Keywords: Intestinal injury, bromelain, papain, indomethacin, sulfasalazine
Introduction
The small intestine was considered as the main source of pro-inflammatory mediators, that affect the Systemic Inflammatory Response Syndrome. The breakdown of the intestinal wall leads to injury and intestinal inflammations.[1] Inflammation is a self-protective response against injury by modulating pro-inflammatory and anti-inflammatory components. Imbalances between pro- and anti-inflammatory components are among the key causes of intestinal inflammation like inflammatory bowel diseases (IBDs).[2] Normal inflammation benefits the body and may be quickly eliminated, but uncontrolled inflammatory reactions can harm tissue excessively or permanently, which can lead to acute or chronic inflammatory illnesses.[3]
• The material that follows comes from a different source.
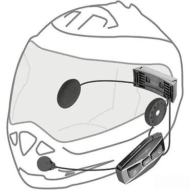 - Komplet za ugradnju u integralne i preklopne kacige: tanki zvučnici sa čičak podlogama, mikrofon na savitljivoj grani, spoljašnja kontrolna jedinica i nosač/stezaljka.

IBDs is a multiple inflammatory status in small intestines and colon.[4] Among IBD are Crohn’s disease (CD) and ulcerative colitis (UC). They have some properties and differ in clinical and genetic causes. CD frequently disturbs the intestinal wall and extends to various parts of the gastrointestinal (GI) tract, while UC mainly disturbs the lining mucosa of the colon and rectum.[5] UC and CD are multifactorial immune-mediated disorders characterized by chronic GI tract (GIT) inflammation.[6]
Increasing creation of pro-inflammatory cytokines in intestines was correlated with intestinal inflammation. The produced inflammatory cytokines considered as pathogenic reasons that harm intestinal permeability and epithelial barrier function.[7]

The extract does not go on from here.